=== PROMPT ===
Below is a listing with pictures. Repeat exactly the lines starting at the one holding "初年度登録 | H21年9月 |" and going on through the one holding "海洋預報臺稱,受今年第6號臺", and leave every picture out.

============================================================

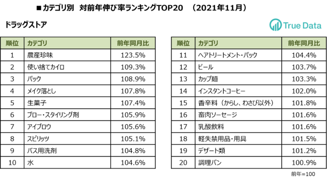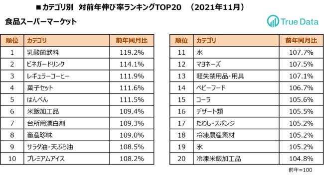 株式会社True Data(トゥルーデータ/本社:東京都港区、代表取締役社長:米倉 裕之) は、当社の統計データをもとに、ドラッグストア、食品スーパーマーケットにおける2021年11月の売り上げ伸長カテゴリを発表します。当月は健康意識の高まりが影響してか、食品スーパーマーケットでは「乳酸菌飲料」、「ビネガードリンク」、ドラッグストアでは「農産珍味」「乳酸飲料」が伸長し、伸び率TOP20の上位にランクインしました。
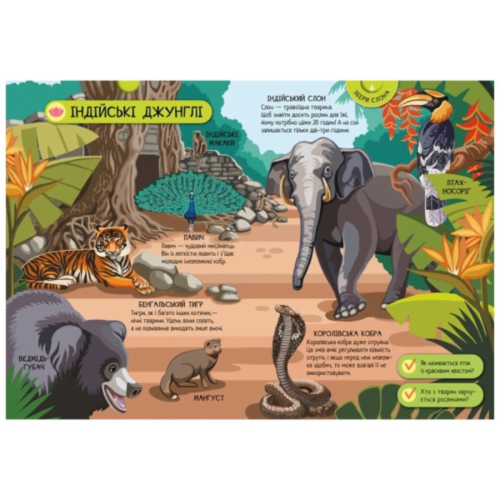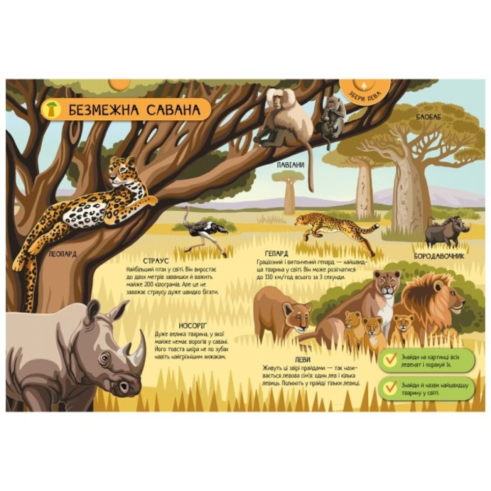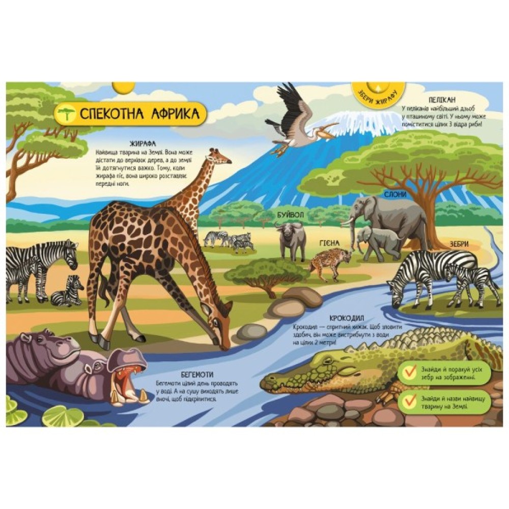 Книжка «Тварини світу» — це перша енциклопедія маленького дослідника, яка познайомить його з екзотичними тваринами і розкаже найцікавіші факти з їхнього життя. Із цією книжкою малюк точно не занудьгує: яскраві та детальні картинки, які можна розглядати годинами; безліч тварин для знайомства; короткі та зрозумілі для дитини тексти про мешканців нашої планети; і, звичайно, ігри на увагу! Але найцікавіше в цій книжці — аж п'ять 3D-моделей тварин, які дитина зможе скласти сама! Просто витягайте аркуш із деталями тварин з потаємної кишені і складайте нових друзів для гри!
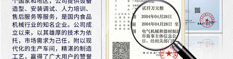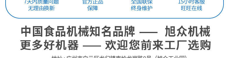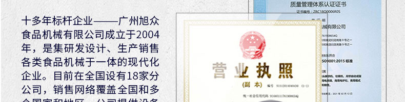 廣州旭眾食品機械有限公司是一家集科研開發(fā),生產(chǎn)設計,營銷服務為一體的現(xiàn)代化生產(chǎn)企業(yè)?,F(xiàn)代化生產(chǎn)車間,精湛制造技術(shù),所產(chǎn)機械歷經(jīng)市場重重考驗,不斷贏得海內(nèi)外客戶的贊譽。
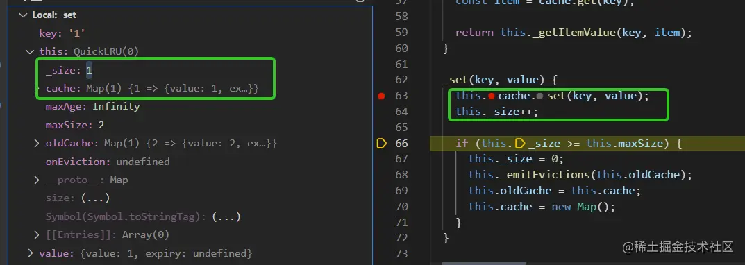 执行_set时, cache执行set,参数key为foo,值为由value和expiry组成的对象,_size加1.
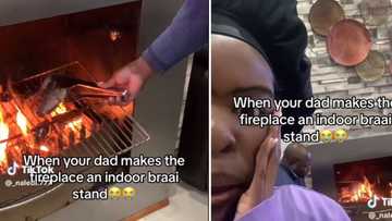 Dad turns fireplace into indoor braai in hilarious TikTok video, Mzansi can't deal: "Let that man cook"
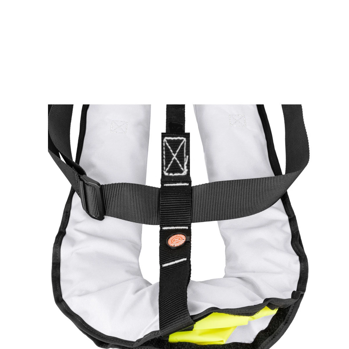 Diese Rettungsweste ist mit einfachem Schrittgurt und Signalpfeife ausgerüstet, Sprayhood und SOLAS-Light gehören allerdings nicht zum Lieferumfang.
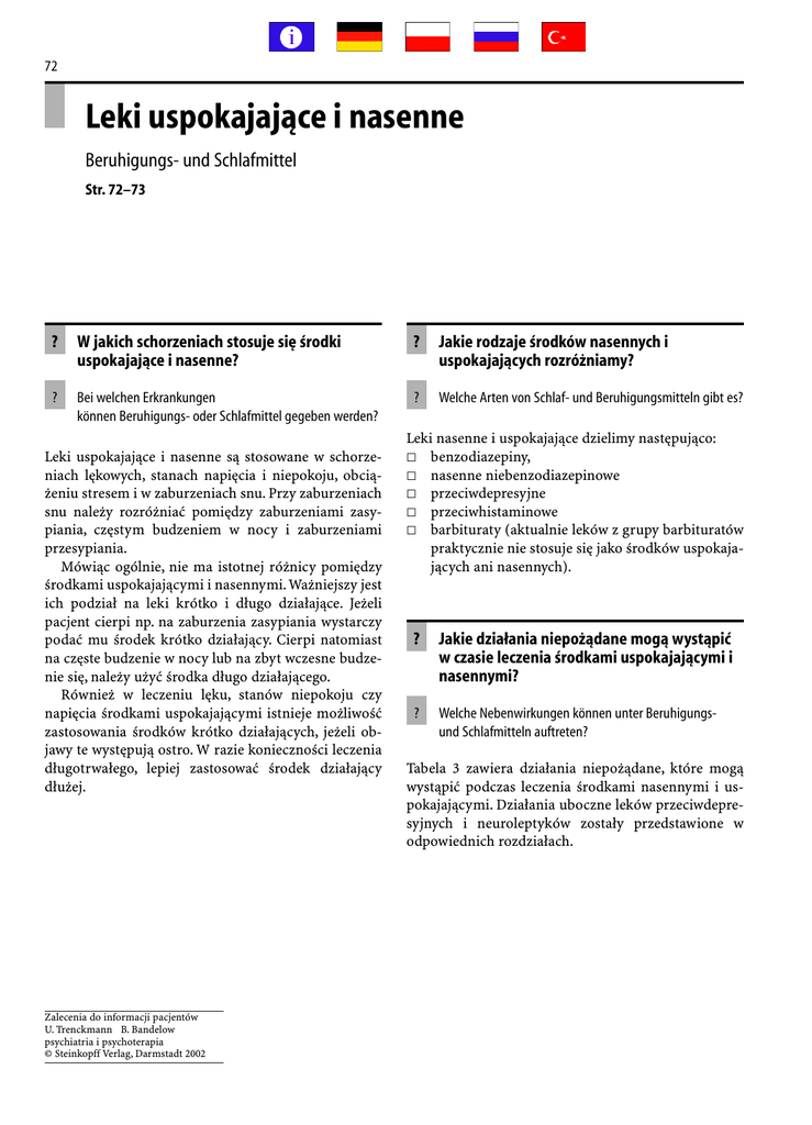 72 Leki uspokajające i nasenne Beruhigungs- und Schlafmittel Str. 72–73 ? W jakich schorzeniach stosuje się środki uspokajające i nasenne? ? Jakie rodzaje środków nasennych i uspokajających rozróżniamy? ? Bei welchen Erkrankungen können Beruhigungs- oder Schlafmittel gegeben werden? ? Welche Arten von Schlaf- und Beruhigungsmitteln gibt es? Leki uspokajające i nasenne są stosowane w schorzeniach lękowych, stanach napięcia i niepokoju, obciążeniu stresem i w zaburzeniach snu. Przy zaburzeniach snu należy rozróżniać pomiędzy zaburzeniami zasypiania, częstym budzeniem w nocy i zaburzeniami przesypiania. Mówiąc ogólnie, nie ma istotnej różnicy pomiędzy środkami uspokajającymi i nasennymi. Ważniejszy jest ich podział na leki krótko i długo działające. Jeżeli pacjent cierpi np. na zaburzenia zasypiania wystarczy podać mu środek krótko działający. Cierpi natomiast na częste budzenie w nocy lub na zbyt wczesne budzenie się, należy użyć środka długo działającego. Również w leczeniu lęku, stanów niepokoju czy napięcia środkami uspokajającymi istnieje możliwość zastosowania środków krótko działających, jeżeli objawy te występują ostro. W razie konieczności leczenia długotrwałego, lepiej zastosować środek działający dłużej. Zalecenia do informacji pacjentów U. Trenckmann B. Bandelow psychiatria i psychoterapia © Steinkopff Verlag, Darmstadt 2002 Leki nasenne i uspokajające dzielimy następująco: benzodiazepiny, nasenne niebenzodiazepinowe przeciwdepresyjne przeciwhistaminowe barbituraty (aktualnie leków z grupy barbituratów praktycznie nie stosuje się jako środków uspokajających ani nasennych). ? Jakie działania niepożądane mogą wystąpić w czasie leczenia środkami uspokajającymi i nasennymi? ? Welche Nebenwirkungen können unter Beruhigungsund Schlafmitteln auftreten? Tabela 3 zawiera działania niepożądane, które mogą wystąpić podczas leczenia środkami nasennymi i uspokajającymi. Działania uboczne leków przeciwdepresyjnych i neuroleptyków zostały przedstawione w odpowiednich rozdziałach. Leki uspokajające i nasenne Tabela 3. Skutki uboczne środków nasennych i uspokajających. Ze względu na ograniczone miejsce wymienione zostały tylko niektóre ważne skutki uboczne. Bliższe informacje znajdują się na ulotce leku. Grupa Skutki uboczne Benzodiazepiny Nie-benzodiazepinowe Przeciwdepresyjne Neuroleptyki Przeciwhistaminowe Zmęczenie, zawroty głowy, wydłużenie czasu reakcji, zaburzenia pamięci, mowy, ruchowe, słabość mięśni, depresja oddechowa, zapominanie, niewyraźna mowa, zmniejszenie napędu, rozwój uzależnienia i inne Reakcje alergiczne, gorzki smak, senność, zawroty głowy, suchość w jamie ustnej, bóle głowy, nudności, środki nasenne wymioty, biegunki, słabość mięśni, niepewność ruchów i chodu, niewyraźna mowa, zabuzencia, pamięci, rozwój uzależnienia itd. Senność, niskie ciśnienie, zawroty głowy, suchość w jamie ustnej, szybki puls itd. Senność, niskie ciśnienie, przyrost wagi ciała, pozapiramidowe zaburzenia ruchowe (toniczne skurcze mięśni języka i gałek ocznych, sztywność mięśni, drżenie, niepokój ruchowy), zmiany w rozmazie krwi, późne dyskinezy (występowanie ruchów języka i ust po długoletnim leczeniu) itd. Senność, alergie, zaburzenia żołądkowo-jelitowe, zaburzenia przy oddawaniu moczu, widzenia itd. ? Czy od środków nasennych i uspokajających można się uzależnić? ? Können Beruhigungs- und Schlafmittel abhängig machen? Benzodiazepiny, barbituraty, nowe niebenzodiazepinowe leki nasenne i inne mogą prowadzić do uzależnienia. Nie znane są uzależniena podczas terapii lekami przeciwdepresyjnymi, przeciwhistaminowymi, neuroleptykami i chloraldurtem.W przypadku nowych tzw. niebenzodiazepin uzależnienie występuje ewentualnie rzadziej niż przy benzodiazepinach. Nie każdy przyjmujący te środki uzależnia się. Nałóg może się rozwinąć przy zażywaniu przez dłuższy czas wyższych dawek. Charakterystyczna dla rozwoju nałogu jest konieczność dalszego zwiększania dawki. 73 Ważne jest, czy u pacjenta występuje tak zwana „osobowość zależna“. Jeżeli pacjent już wcześniej miał problemy z odejściem od alkoholu lub pewnych środków uspokajających czy przeciwbólowych, nie zaleca się stosowania środków z potencjałem uzależniającym. Jeżeli pacjent zaobserwuje u siebie, że zażywa dany środek już dłuższy czas i przy tym ewentualnie wielokrotnie zwiększał dawkę powinien porozmawiać z lekarzem, czy nie wpadł w nałóg. Jeżeli zaczął już starać się o tabletki u wielu lekarzy lub inaczej je organizować, nadszedł czas aby pomyśleć o terapii odwykowej. ? Jak długo wolno lub powinno się zażywać środki uspokajające i nasenne? ? Wie lange darf und soll man Beruhigungsund Schlafmittel einnehmen? Większości środków uspokajających nie należy zażywać przez dłuższy czas. Leczenie z reguły nie powinno przekraczać trzech, najdłużej ośmiu miesięcy. Lekarz i pacjent powinni omówić, kiedy trzeba zakończyć zażywanie leku. ? Czy istnieją naturalne środki uspokajające i nasenne? ? Gibt es natürliche Beruhigungs- und Schlafmittel? Wiele ziół posiada właściwości uspokajające: korzenie waleriany, szyszki chmielowe, liście melisy, krzew męczennicy, ziele dziurawca, Kava-Kava i kwiaty lawendy. Istnieje wiele preparatów zawierających wyciągi z tych roślin w różnych kombinacjach. Działanie większości tych preparatów nie jest ściśle naukowo udowodnione. W cięższych zaburzeniach snu i lękach mogą one okazać się zbyt słabe. Zalecenia do informacji pacjentów U. Trenckmann B. Bandelow psychiatria i psychoterapia © Steinkopff Verlag, Darmstadt 2002
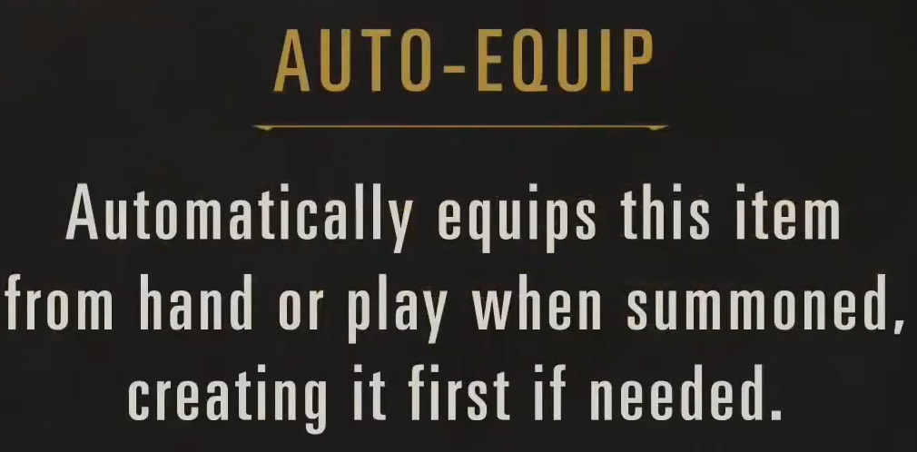 自动装备:召唤时自动从手牌或场上装备此物品。如无则先生成之。
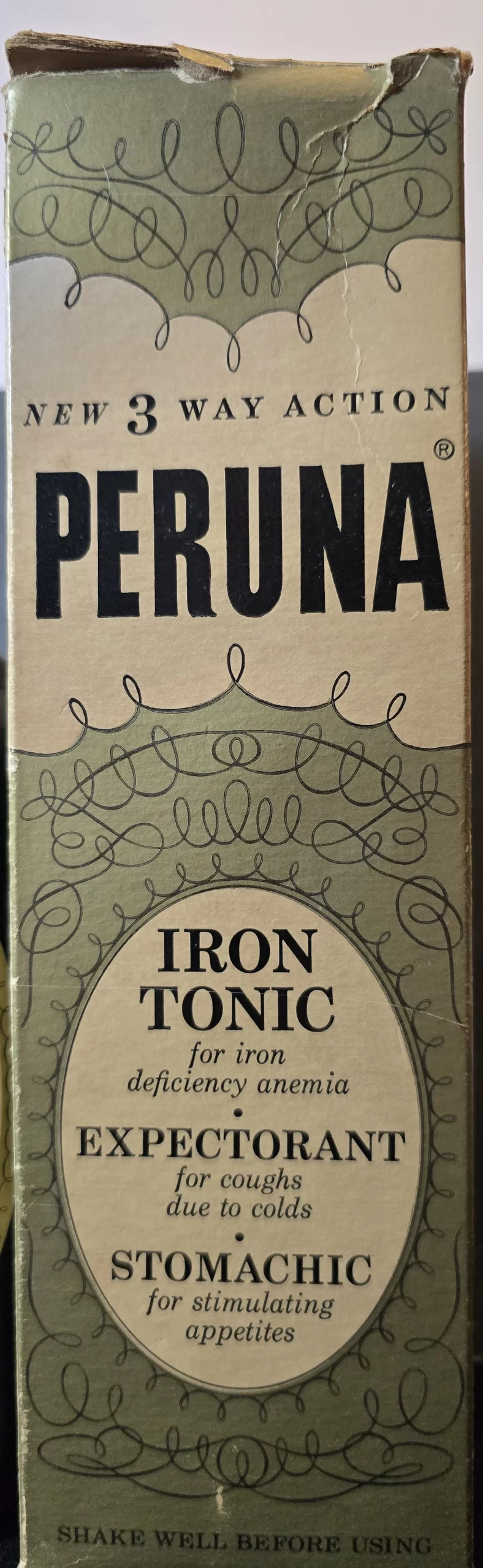 This boxed bottle of Peruna 3-Way Action represents the later evolution of one of America’s most notorious patent medicines. Originally launched in 1898 by Dr. Samuel B. Hartman of Columbus, Ohio, Peruna was first marketed as a cure for catarrh—a vague term covering nearly any chronic ailment. By the mid-20th century, after federal regulations curtailed unsubstantiated medical claims, Peruna re-emerged as a “Stomachic Iron Tonic and Expectorant,” boasting “New 3-Way Action” for appetite, anemia, and coughs due to colds.
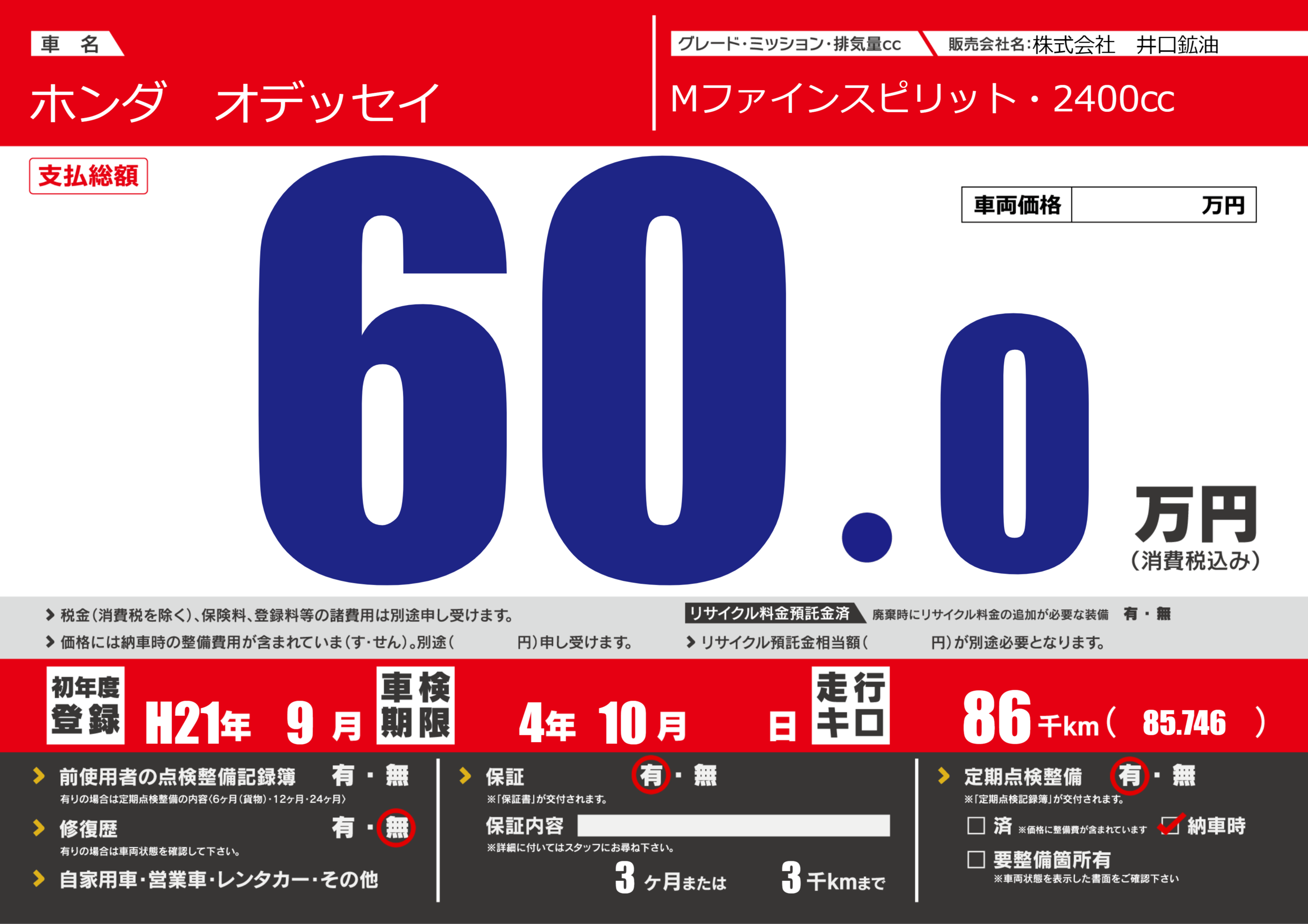 | 走行キロ | 8.6万km | 初年度登録 | H21年9月 |
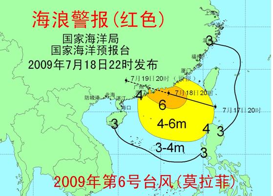 海洋預報臺稱,受今年第6號臺風“莫拉菲”的影響,預計18日夜間到19日上午南海北部將出現6到8米的狂浪區,臺灣海峽南部將出現4米的巨浪區;廣東省東部沿海將出現4到6米的巨浪到狂浪,福建省南部沿海將出現2.5到3米的大浪,廣東省西部沿海將出現3到4米的大浪到巨浪,請沿海各有關單位及時采取防浪避浪措施,并關注我臺后續海浪預警報。
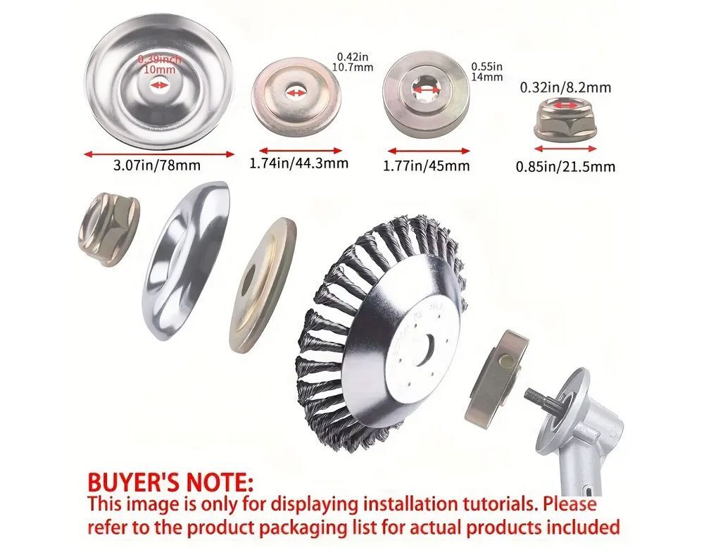 Upgrade your garden tools with this 8-inch knotted steel wire trimmer head, perfect for most straight-shaft brush cutters and weed trimmers (25.4mm / 1" bore). Made from high-quality carbon steel wire, this durable weed brush head offers excellent strength, long life, and sharp cutting performance.

============================================================

=== RESPONSE ===
 | 走行キロ | 8.6万km | 初年度登録 | H21年9月 |
 海洋預報臺稱,受今年第6號臺風“莫拉菲”的影響,預計18日夜間到19日上午南海北部將出現6到8米的狂浪區,臺灣海峽南部將出現4米的巨浪區;廣東省東部沿海將出現4到6米的巨浪到狂浪,福建省南部沿海將出現2.5到3米的大浪,廣東省西部沿海將出現3到4米的大浪到巨浪,請沿海各有關單位及時采取防浪避浪措施,并關注我臺后續海浪預警報。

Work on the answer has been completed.